#### Your objective
Reproduce exactly, and only, the lines below from the one containing "МУХОМОР БЕЛЫЙ ВОНЮЧИЙ" through the one containing "Eingang zur erneuerten".

::: Data extracts :::

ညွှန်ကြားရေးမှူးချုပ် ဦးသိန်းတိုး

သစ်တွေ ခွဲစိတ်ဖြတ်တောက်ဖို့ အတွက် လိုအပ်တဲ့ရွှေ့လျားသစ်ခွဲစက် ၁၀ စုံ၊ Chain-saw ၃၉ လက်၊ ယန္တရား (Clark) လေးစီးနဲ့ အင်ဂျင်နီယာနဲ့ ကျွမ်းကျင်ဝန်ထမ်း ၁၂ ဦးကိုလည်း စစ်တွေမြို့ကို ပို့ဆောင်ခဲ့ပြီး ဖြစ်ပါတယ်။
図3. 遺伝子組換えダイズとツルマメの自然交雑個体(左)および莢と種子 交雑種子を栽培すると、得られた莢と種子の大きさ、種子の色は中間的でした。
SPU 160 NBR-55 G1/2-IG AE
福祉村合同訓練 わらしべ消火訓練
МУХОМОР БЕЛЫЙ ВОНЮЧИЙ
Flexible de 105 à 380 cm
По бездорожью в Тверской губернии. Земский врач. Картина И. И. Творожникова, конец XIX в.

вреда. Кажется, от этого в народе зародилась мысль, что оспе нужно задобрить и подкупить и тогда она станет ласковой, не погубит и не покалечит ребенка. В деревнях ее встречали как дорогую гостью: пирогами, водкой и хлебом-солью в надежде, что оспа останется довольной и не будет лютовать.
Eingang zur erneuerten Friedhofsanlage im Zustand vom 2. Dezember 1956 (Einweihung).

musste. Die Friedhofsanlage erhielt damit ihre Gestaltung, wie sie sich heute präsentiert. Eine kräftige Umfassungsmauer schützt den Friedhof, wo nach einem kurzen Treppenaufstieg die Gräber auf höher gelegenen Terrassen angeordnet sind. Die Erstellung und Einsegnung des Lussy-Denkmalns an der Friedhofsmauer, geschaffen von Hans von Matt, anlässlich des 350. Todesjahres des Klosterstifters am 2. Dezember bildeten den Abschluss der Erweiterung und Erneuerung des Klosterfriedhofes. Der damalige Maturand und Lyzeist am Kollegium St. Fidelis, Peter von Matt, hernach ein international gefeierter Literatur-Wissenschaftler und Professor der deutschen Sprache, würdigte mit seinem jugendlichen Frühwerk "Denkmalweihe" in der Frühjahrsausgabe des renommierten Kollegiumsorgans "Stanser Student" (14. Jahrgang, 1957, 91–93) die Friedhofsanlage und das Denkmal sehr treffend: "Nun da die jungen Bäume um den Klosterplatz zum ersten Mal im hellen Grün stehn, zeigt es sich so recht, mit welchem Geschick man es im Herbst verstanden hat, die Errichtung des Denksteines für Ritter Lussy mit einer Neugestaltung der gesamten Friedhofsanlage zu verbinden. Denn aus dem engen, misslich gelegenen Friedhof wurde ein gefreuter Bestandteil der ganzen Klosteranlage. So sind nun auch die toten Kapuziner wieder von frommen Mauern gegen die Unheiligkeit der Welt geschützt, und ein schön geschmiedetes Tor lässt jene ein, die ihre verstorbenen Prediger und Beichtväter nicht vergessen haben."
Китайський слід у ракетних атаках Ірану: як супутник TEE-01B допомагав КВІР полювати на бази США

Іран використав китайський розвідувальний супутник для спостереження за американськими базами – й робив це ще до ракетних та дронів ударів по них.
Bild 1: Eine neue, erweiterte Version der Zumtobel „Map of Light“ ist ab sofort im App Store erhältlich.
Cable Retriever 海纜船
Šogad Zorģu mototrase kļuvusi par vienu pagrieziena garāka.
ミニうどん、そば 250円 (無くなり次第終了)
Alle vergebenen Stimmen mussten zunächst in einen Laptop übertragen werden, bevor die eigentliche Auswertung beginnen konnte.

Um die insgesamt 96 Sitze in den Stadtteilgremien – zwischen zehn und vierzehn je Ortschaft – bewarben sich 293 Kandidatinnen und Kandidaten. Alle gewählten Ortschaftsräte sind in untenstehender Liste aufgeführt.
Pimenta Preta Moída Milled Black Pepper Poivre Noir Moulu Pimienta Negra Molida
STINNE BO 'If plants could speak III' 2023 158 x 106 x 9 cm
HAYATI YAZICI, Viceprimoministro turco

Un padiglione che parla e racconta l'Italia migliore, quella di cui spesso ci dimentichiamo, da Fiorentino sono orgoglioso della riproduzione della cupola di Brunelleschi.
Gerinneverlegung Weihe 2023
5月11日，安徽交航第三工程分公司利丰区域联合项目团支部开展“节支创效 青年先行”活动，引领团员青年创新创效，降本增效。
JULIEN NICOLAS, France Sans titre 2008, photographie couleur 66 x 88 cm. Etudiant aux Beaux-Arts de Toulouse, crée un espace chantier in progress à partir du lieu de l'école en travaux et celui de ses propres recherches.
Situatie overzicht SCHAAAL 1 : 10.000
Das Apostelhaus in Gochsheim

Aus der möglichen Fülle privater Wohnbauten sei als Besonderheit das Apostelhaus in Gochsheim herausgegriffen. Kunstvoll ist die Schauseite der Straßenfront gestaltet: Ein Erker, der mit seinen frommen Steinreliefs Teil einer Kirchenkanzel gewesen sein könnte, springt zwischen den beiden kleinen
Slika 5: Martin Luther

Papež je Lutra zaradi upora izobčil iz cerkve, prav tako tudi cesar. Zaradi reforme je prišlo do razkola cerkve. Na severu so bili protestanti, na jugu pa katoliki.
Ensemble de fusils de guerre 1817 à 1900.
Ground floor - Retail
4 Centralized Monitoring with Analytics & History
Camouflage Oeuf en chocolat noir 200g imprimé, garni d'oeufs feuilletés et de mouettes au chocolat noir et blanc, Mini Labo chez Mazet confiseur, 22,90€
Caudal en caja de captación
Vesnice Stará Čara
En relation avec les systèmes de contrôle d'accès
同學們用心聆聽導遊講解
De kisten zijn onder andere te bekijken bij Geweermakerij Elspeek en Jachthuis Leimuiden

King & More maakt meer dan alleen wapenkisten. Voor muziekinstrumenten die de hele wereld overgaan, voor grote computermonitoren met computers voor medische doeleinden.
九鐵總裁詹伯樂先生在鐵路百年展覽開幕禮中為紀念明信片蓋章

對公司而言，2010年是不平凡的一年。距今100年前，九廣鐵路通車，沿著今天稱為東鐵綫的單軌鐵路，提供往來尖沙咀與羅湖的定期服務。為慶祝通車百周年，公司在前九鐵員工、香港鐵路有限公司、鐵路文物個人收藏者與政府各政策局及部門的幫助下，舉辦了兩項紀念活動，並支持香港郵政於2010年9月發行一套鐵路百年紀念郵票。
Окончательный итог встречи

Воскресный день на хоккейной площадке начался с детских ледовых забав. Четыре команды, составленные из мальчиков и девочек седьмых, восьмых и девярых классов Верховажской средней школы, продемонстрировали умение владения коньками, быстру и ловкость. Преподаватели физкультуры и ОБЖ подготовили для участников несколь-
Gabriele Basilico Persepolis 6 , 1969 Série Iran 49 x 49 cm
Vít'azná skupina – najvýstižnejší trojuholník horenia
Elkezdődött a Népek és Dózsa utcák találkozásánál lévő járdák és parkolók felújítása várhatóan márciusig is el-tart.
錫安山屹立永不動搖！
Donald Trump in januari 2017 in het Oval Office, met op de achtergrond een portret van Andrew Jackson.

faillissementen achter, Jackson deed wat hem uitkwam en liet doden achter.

:::

#### Exercise response
МУХОМОР БЕЛЫЙ ВОНЮЧИЙ
Flexible de 105 à 380 cm
По бездорожью в Тверской губернии. Земский врач. Картина И. И. Творожникова, конец XIX в.

вреда. Кажется, от этого в народе зародилась мысль, что оспе нужно задобрить и подкупить и тогда она станет ласковой, не погубит и не покалечит ребенка. В деревнях ее встречали как дорогую гостью: пирогами, водкой и хлебом-солью в надежде, что оспа останется довольной и не будет лютовать.
Eingang zur erneuerten Friedhofsanlage im Zustand vom 2. Dezember 1956 (Einweihung).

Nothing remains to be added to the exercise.